Pearl Abyss, best known to MMO fans for Black Desert and CCP Games’ EVE Online, has continued its humdrum financial performance in Q4 2023, with overall revenues of 84.4B KRW ($63.5M US), down 18.1% since Q4 2022, though it stayed pretty steadily at that mark throughout the whole year (Q4 2022 was a big quarter for the company).
As we noted last quarter, Black Desert’s Land of the Morning Light launches on PC and console pulled the game (and the company) out of its Q2 slump in Q3, but the game’s Q4 revenue performance dipped again, down nearly 11% compared to Q4 2022.
EVE Online’s performance across 2023 wasn’t a blowout, but Pearl Abyss was happy to focus on it anyway as it had a good Q4 compared to the previous Q4: EVE Online ended the year up 15% in revenues compared to the same quarter in 2022. We note that EVE Online is roughly one-third the size of the Black Desert franchise by revenue alone as of Q4, but the shift in relative sales heft has ensured commensurate bump-ups in NA/EU and PC revenue too.

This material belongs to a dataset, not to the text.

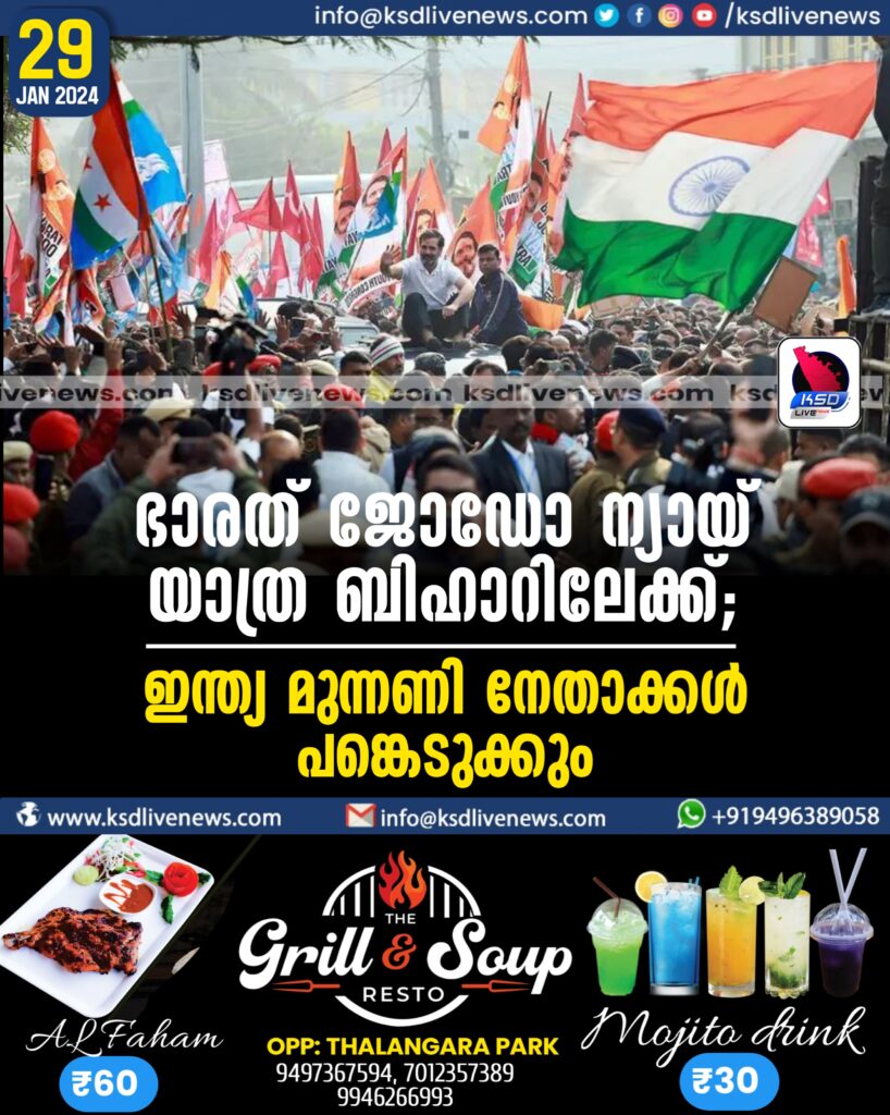 ഭാരത് ജോഡോ ന്യായ് യാത്ര ബിഹാറിലേക്ക്; ഇന്ത്യ മുന്നണി നേതാക്കള് പങ്കെടുക്കും

To investors, Pearl Abyss continued to talk up EVE Online’s blockchain fiasco Project Awakening, the potential for a Black Desert release in China and on next-gen consoles, the impending launch of mobile EVE Galaxy Conquest, plans to uproot CCP’s base in London, and ongoing development for EVE Vanguard. The long-delayed Crimson Desert will apparently get marketing efforts in Q3/Q4 of this year, but at this point, don’t hold your breath.